Part 8: Knowledge-Base Agent Design
Now apply the pattern to a real project.
Imagine a folder full of lecture notes. This agent reads each note, writes clean summaries, groups related concepts, and creates one index so a student can navigate quickly.
Target behavior:
- Read source files from
raw/. - Write one summary file per source into
wiki/summaries/. - Create concept pages in
wiki/concepts/. - Maintain a root index file
wiki/_index.md.
Tools:
list_files(directory)read_file(path)write_file(path, content)
System prompt skeleton:
SYSTEM_PROMPT = """
You are a knowledge base compiler.
Workflow:
1) Discover all files in raw/
2) Summarize each file into wiki/summaries/
3) Consolidate repeated ideas into wiki/concepts/
4) Build wiki/_index.md
Rules:
- Do not skip source files
- Use clear markdown headings
- Include source references
- Report what was generated at the end
"""
Beginner tip:
- Keep system prompt procedural.
- Use numbered workflow steps.
- Add explicit "do not skip" rules.
Part 9: Speed and Cost Optimization
Parallel processing for independent units
For many files, use a worker pool.
from concurrent.futures import ThreadPoolExecutor
with ThreadPoolExecutor(max_workers=5) as pool:
futures = [pool.submit(process_file, path) for path in files]

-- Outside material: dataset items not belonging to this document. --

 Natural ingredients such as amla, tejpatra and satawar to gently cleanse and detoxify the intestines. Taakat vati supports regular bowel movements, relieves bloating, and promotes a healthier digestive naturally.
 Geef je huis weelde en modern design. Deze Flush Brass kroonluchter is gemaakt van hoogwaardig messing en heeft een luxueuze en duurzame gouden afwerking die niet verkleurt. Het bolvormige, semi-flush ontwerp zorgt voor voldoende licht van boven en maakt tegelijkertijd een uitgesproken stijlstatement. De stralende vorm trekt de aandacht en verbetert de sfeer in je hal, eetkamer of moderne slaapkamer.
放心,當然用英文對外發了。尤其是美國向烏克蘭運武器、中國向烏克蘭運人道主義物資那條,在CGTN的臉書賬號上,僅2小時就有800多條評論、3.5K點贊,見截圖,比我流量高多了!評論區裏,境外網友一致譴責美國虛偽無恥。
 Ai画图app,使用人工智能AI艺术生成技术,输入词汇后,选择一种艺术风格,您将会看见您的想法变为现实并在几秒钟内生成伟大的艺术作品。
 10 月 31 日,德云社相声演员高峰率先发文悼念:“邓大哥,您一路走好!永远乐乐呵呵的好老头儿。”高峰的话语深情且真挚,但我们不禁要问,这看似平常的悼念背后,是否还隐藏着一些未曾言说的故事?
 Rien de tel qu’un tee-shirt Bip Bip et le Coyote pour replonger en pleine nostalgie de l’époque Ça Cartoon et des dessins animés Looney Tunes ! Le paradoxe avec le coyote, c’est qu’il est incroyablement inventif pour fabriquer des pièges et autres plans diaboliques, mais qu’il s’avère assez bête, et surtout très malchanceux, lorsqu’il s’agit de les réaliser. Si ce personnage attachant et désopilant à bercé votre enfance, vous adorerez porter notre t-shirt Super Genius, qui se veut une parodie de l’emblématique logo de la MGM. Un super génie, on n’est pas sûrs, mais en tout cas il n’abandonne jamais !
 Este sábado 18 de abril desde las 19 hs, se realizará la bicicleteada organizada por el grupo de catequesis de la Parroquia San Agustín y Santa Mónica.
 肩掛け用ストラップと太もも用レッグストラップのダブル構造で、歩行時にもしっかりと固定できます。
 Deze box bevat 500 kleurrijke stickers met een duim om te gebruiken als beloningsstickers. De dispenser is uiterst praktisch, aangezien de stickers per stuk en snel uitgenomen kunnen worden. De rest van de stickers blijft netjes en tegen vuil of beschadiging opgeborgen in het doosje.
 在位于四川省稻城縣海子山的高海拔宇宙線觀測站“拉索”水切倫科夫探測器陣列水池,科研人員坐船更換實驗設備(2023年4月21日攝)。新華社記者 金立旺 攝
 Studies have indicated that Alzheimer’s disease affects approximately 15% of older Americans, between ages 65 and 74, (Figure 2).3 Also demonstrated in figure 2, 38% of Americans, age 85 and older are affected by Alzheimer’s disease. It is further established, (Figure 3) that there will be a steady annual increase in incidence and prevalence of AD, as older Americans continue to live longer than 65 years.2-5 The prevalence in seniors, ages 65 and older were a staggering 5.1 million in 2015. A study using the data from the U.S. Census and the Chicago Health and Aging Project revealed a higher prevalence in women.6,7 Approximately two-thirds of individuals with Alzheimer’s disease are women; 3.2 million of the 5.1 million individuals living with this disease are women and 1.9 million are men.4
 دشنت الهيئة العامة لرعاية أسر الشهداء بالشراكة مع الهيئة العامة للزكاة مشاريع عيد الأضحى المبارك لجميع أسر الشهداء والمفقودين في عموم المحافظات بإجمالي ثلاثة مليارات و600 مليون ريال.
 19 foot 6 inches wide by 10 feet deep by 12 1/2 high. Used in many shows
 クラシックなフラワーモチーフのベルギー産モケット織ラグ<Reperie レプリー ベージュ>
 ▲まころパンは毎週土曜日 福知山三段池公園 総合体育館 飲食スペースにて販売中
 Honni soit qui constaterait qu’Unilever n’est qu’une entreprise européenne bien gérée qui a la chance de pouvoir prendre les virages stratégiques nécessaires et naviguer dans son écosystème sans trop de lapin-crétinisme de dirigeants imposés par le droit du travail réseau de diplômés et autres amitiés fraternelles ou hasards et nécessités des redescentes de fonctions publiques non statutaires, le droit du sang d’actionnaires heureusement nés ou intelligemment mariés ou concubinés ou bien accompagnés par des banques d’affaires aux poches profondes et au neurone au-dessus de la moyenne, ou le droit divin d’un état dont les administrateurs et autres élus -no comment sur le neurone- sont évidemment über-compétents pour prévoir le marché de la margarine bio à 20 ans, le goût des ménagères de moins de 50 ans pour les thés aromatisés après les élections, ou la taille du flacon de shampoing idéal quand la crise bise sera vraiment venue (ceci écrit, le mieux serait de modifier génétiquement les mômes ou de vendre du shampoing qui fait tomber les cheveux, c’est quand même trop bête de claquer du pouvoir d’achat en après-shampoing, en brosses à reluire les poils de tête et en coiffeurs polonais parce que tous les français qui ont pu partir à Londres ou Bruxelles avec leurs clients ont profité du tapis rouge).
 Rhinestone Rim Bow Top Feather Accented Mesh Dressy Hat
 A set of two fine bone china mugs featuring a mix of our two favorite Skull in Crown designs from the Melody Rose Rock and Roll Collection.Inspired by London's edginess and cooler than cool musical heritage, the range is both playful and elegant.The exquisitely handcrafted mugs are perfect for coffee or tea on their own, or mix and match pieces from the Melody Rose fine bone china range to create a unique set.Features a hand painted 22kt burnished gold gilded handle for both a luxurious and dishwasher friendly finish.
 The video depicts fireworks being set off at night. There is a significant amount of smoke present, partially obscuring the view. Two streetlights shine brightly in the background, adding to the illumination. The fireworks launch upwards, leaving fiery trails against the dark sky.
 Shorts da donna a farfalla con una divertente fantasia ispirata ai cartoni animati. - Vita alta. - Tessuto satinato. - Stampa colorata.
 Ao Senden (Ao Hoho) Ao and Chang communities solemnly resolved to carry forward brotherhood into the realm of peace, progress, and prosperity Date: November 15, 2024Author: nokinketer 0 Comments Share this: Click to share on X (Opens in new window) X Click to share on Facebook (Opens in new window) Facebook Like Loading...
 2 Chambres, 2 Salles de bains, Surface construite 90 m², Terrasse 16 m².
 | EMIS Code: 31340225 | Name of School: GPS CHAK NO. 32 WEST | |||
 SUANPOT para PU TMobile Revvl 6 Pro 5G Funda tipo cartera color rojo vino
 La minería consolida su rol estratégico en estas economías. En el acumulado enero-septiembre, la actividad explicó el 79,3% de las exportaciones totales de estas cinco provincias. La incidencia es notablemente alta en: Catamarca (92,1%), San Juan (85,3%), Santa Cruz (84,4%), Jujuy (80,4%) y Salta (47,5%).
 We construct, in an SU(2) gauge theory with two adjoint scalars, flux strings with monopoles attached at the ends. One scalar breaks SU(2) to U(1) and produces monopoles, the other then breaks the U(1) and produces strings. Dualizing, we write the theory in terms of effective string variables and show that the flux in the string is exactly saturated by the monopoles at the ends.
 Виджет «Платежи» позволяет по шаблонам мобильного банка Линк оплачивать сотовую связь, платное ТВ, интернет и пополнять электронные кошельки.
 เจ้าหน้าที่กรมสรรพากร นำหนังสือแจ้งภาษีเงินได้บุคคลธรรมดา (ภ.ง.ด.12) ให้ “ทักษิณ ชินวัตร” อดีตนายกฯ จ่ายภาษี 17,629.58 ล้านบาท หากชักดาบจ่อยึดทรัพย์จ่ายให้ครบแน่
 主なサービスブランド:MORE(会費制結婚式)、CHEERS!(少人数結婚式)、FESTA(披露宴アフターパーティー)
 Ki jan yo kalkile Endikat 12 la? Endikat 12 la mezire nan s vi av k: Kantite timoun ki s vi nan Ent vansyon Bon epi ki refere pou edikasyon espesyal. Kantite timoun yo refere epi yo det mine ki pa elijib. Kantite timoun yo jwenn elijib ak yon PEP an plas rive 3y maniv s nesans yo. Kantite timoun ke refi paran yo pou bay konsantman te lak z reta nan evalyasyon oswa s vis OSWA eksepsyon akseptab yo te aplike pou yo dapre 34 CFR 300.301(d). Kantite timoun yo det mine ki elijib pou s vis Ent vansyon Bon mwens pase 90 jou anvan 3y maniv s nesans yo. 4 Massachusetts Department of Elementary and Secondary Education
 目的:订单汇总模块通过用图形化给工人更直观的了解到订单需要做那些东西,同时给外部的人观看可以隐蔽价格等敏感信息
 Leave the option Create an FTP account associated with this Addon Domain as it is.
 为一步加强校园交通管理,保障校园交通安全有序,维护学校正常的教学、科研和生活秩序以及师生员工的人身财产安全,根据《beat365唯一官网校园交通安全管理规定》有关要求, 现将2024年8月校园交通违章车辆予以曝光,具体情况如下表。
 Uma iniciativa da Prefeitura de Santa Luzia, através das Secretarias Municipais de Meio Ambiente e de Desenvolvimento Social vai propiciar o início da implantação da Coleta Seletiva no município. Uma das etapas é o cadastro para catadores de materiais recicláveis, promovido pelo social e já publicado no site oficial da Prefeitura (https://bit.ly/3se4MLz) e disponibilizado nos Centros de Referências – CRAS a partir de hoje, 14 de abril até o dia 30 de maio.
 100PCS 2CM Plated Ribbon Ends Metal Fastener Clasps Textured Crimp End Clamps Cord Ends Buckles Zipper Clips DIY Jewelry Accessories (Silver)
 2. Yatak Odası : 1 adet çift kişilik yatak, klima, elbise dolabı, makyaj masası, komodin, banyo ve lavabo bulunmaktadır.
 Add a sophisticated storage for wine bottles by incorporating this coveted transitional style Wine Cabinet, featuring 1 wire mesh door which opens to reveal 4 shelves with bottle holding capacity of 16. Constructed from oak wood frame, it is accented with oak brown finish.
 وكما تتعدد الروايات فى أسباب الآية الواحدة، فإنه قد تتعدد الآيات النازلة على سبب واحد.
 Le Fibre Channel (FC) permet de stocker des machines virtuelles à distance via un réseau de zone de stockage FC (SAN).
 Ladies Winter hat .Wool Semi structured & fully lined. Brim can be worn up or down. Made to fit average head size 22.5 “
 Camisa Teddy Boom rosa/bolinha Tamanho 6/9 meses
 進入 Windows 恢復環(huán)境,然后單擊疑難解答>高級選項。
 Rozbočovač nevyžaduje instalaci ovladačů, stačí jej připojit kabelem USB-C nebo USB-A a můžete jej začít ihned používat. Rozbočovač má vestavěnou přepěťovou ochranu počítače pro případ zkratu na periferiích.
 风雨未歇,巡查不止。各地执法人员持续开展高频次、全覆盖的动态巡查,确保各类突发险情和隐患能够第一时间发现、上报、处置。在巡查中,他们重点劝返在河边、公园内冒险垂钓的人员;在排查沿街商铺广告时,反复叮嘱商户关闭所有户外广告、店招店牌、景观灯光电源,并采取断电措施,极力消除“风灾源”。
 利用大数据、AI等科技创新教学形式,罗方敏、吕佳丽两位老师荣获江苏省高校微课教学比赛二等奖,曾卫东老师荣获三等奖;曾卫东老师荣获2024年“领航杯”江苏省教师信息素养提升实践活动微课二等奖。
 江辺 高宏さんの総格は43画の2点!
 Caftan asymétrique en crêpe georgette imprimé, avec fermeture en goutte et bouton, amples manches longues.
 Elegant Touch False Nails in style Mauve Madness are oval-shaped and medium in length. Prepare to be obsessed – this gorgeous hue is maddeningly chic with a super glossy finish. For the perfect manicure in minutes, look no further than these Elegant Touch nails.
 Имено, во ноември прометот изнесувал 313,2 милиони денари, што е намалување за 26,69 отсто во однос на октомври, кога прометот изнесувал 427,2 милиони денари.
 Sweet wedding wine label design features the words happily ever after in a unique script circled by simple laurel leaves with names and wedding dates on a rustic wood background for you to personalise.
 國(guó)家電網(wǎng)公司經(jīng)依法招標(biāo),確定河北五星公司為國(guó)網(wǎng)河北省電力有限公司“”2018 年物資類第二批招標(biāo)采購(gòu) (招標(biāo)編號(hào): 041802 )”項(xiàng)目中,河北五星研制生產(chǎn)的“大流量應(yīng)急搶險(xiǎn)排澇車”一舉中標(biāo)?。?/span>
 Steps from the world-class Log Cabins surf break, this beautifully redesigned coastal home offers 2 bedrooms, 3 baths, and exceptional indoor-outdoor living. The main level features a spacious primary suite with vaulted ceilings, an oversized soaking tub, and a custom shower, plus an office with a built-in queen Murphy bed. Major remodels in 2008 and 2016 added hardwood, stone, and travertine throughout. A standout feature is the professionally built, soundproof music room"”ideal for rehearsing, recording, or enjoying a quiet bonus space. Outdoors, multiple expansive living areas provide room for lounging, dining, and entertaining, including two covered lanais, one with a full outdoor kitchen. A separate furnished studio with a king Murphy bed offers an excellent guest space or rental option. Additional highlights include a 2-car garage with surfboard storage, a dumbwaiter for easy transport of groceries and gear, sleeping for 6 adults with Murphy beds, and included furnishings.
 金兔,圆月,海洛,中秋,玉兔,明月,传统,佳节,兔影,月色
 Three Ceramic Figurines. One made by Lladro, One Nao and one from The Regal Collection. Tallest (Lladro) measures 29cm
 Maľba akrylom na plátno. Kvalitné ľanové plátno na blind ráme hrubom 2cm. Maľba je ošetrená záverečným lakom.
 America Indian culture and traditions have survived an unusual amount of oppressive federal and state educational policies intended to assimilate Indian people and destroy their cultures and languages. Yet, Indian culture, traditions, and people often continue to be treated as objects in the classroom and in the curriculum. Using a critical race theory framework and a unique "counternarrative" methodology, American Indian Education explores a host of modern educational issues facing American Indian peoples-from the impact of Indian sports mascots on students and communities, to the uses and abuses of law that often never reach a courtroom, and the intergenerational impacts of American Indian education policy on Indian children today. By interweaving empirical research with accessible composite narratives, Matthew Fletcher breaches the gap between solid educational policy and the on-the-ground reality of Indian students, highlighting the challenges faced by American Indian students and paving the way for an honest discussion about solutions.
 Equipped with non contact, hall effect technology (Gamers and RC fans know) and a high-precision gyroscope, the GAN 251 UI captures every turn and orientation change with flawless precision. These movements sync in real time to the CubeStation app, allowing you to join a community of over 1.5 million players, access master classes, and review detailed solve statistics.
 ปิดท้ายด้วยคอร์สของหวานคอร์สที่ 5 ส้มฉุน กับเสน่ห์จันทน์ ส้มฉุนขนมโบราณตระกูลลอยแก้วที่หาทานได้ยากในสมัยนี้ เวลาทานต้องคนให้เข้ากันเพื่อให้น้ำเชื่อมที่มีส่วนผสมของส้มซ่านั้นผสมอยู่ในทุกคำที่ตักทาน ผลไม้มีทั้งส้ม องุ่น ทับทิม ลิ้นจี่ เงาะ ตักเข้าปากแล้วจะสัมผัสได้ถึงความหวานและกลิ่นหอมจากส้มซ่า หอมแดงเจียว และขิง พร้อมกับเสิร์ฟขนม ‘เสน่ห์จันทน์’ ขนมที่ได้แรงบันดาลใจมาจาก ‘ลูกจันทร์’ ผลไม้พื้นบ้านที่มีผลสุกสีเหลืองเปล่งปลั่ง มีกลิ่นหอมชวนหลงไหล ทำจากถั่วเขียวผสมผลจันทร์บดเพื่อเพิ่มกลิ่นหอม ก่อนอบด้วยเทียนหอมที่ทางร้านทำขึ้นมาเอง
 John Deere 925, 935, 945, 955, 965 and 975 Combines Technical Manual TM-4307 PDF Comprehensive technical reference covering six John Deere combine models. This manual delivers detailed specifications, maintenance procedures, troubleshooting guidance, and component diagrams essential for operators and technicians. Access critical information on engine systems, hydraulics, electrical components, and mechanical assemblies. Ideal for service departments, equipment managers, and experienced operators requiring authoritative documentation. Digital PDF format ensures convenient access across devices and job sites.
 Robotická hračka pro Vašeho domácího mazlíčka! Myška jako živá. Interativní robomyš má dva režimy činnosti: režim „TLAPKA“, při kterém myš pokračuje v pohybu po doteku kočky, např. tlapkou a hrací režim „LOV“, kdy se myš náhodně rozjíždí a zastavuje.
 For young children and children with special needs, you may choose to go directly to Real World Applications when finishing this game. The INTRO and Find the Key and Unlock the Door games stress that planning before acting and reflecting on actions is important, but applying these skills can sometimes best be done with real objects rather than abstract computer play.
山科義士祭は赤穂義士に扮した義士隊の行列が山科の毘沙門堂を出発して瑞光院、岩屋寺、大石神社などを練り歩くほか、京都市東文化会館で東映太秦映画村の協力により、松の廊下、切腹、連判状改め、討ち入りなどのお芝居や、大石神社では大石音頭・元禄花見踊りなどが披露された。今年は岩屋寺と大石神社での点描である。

Use parallelism only when tasks are independent. If one task depends on another task's output, keep it sequential.
Prompt caching
If system prompt stays stable, prompt caching can reduce repeated prompt cost significantly.
Incremental rebuilds
Do not reprocess unchanged files.
Use timestamp plus hash strategy.
import hashlib
import os
def file_hash(path: str) -> str:
with open(path, "rb") as f:
return hashlib.md5(f.read()).hexdigest()
def has_changed(path: str, state: dict) -> bool:
existing = state.get(path)
if not existing:
return True
current_mtime = os.path.getmtime(path)
if current_mtime == existing["timestamp"]:
return False
current_hash = file_hash(path)
if current_hash == existing["hash"]:
existing["timestamp"] = current_mtime
return False
return True
This gives speed without losing correctness.
Part 10: Common Beginner Mistakes
These cause most early failures:
- Forgetting to append Claude tool request to history.
- Returning tool output without correct
tool_use_id. - Running without
max_steps. - Treating all API errors as retryable.
- Ignoring token usage in logs.
- Writing vague tool descriptions.
- Packing too many unrelated rules in system prompt.
If your agent behaves strangely, check in this order:
stop_reason- message history completeness
- tool request and tool result pairing
- step limit behavior
- token and retry logs
Final Blueprint
If you want one compact architecture to keep, use this:
- Clear system prompt.
- Minimal tools with strict schemas.
- Stateful message history in code.
- Loop driven by
stop_reason. max_stepshard safety cap.- Retries for transient failures only.
- Safe tool error handling.
- Token accounting.
- Incremental processing.
Conclusion
Most developers first learn agent frameworks. A better long-term path is learning the loop itself.
Once you understand the loop, frameworks become optional tooling. You can adopt them strategically instead of depending on them blindly.
You now have a complete beginner-to-production mental model:
- how decisions happen,
- how actions are executed,
- how memory is maintained,
- and how reliability is enforced.
That is the foundation for building agents you can trust in real systems.